TBH I have no idea which of you is most correct here. But anyways, there are two ways for this conversation to go:
1. You are correct, good enough anonymization is possible: Stanford researchers should not be silenced; it is problematic that they have access to data other people cannot access, but the correct solution is to negate the originally problematic distinction between those researchers and the general public by making data public. Then there is no reason for the researchers to agree to these contract clauses, because they will have access to the data.
2. dragonwriter is correct, good enough anonymization is not possible: We can go back up to the top-level concern and observe that "just release all the data with anonymization" isn't a feasible solution to this problem. Or maybe there isn't actually a problem here at all. IDK. But in any case, "obviate the problem in the top-level post by releasing anonymized data" isn't a workable solution.
Again, not following closely enough to have an opinion, but that's where we are now.
I think a good compromise position is that we should have a law stating that K12 data should be available to certain education researchers -- subject to IRB approval and so on -- without any other strings attached.
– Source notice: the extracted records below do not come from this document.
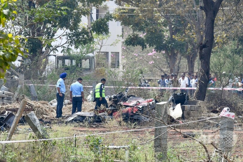 2機はインド空軍のアクロバット飛行隊「スーリヤ・キラン(Surya Kiran)」所属機で、ベンガルールで20日開幕する航空ショー「エアロ・インディア(Aero India)」の初日にアクロバット飛行を行う予定だった。(c)AFP
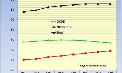 Nous sommes tout à fait dans ce scénario de compensation envisagé, les économies d’énergies des pays riches permettent aux pays émergeants d’accroître leur niveau de vie. Les Américains vont devoir admettre qu’ils se porteront beaucoup mieux et le monde avec eux, lorsqu’ils auront réduit leur consommation de pétrole par deux. Les prévisionnistes de tous poils vont devoir ramener à l’horizontale leurs courbes d’évolution dans le temps de consommation mondiale de pétrole.
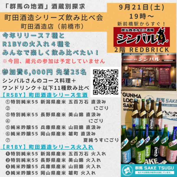 9/21(土)19時~町田酒造シリーズ飲み比べ会@シンバル
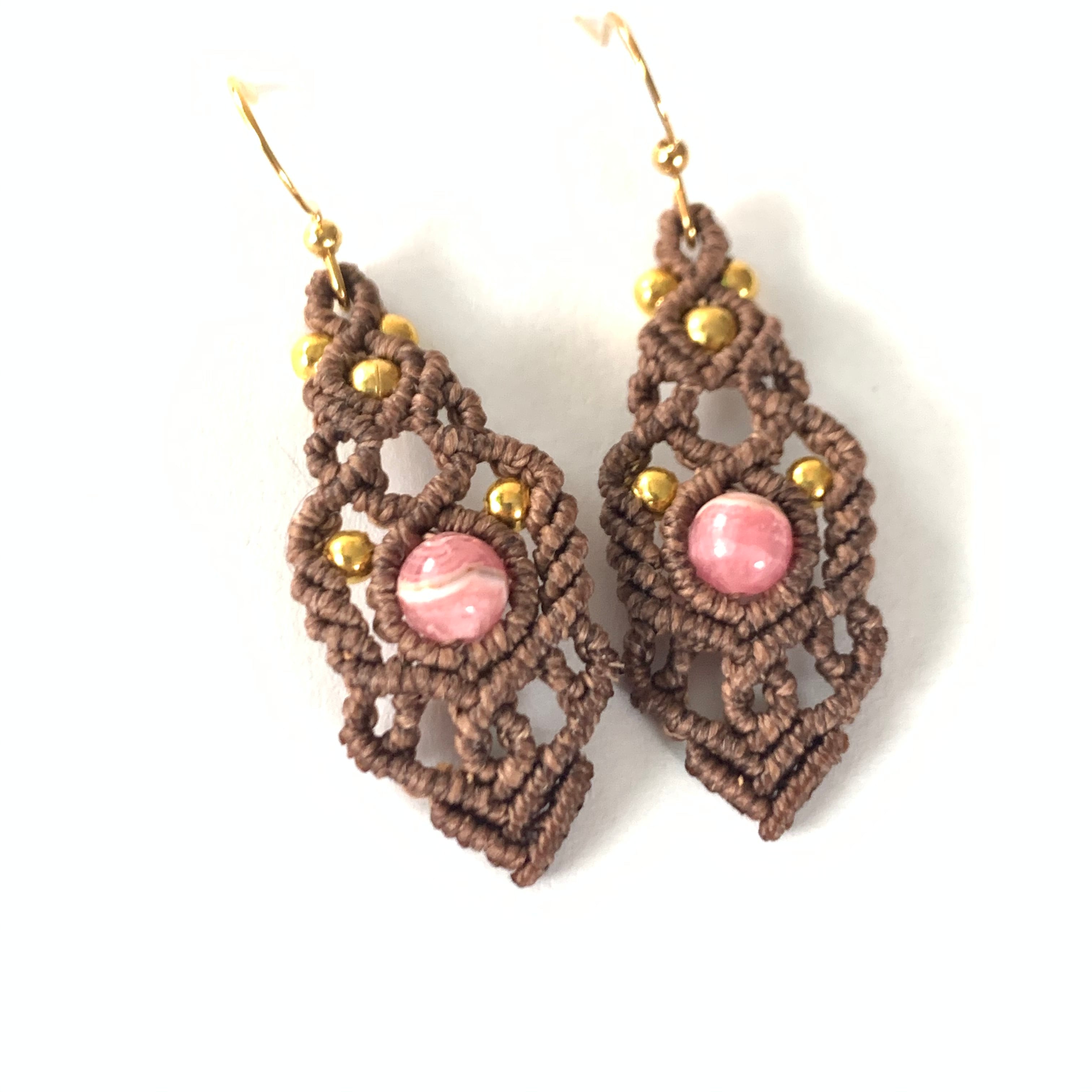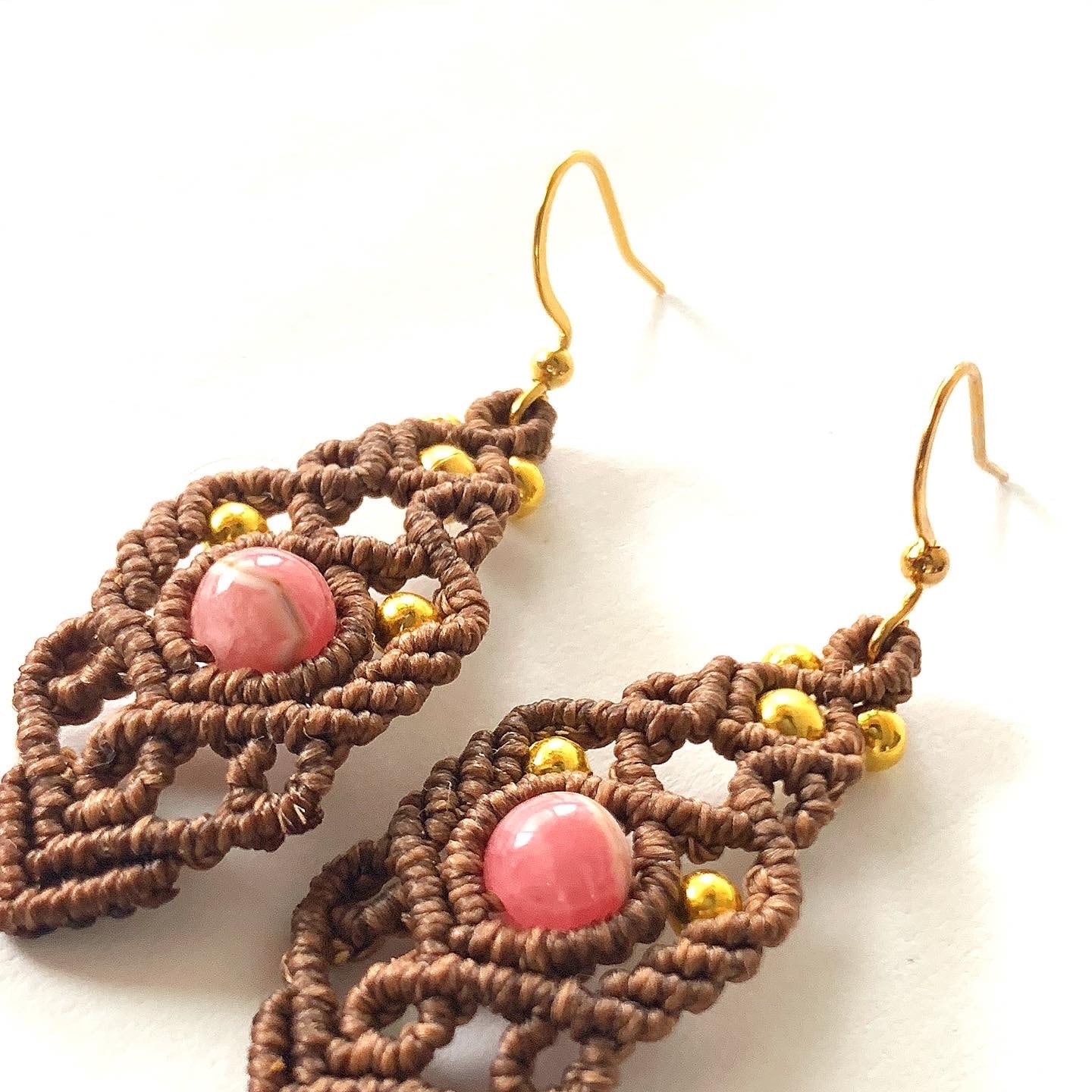 インカローズを使ったマクラメ編みピアスです。

Including "don't sue me" clauses in releases of public data sets does feel like an inappropriate abuse of student privacy concerns.
The researchers don't have a trusted relationship with schools. They have a contractual relationship with the state government. The fundamental issues underlying the lawsuit are First Amendment freedom of expression and contract law; expert witness fees and researchers' motives are irrelevant.
Whether student data de-identification is good enough or not is a total red herring. No one has accused the researchers in this case of violating privacy rules. The comments here about such privacy issues are largely hypothetical and tangential.
If you think that California needs a new law expanding research access to educational data then feel free to suggest that to your state legislators, or sponsor a ballot initiative.
It's not a red herring. It's a side conversation about a different but related topic.
Someone proposed just releasing all the data.
Someone else replied with why that wouldn't work.
Ie, a conversation happened and the topic of discussion shifted.
FWIW I agree with you on the object level question. No idea why you're being so abrasive, especially when you're the one who initiated/continued the conversational thread about deanonymization and even prefaced with "We're getting a little off topic here".
Presumably at that point you understood that the topic of conversation had shifted, and people's agreement/disagreement didn't necessarily have anything to do with the original topic... since you literally said so and no one disagreed... so your reaction here is pretty odd and off-putting.
> What does any of that have to do with the legal issue of whether a state should be able to prohibit participation in certain lawsuits as a condition of gaining access to research data?
As you yourself noted upthread, you had already taken this subthread afield from that topic.
https://www.hhs.gov/hipaa/for-professionals/privacy/special-...
But all of this is orthogonal to the core issue of whether a state government should be allowed to prevent researchers from participating in lawsuits. There is no student privacy issue involved there. Witnesses in a civil suit still aren't allowed to violate student privacy laws regardless of the data they have access to, so it makes no sense to conflate those issues.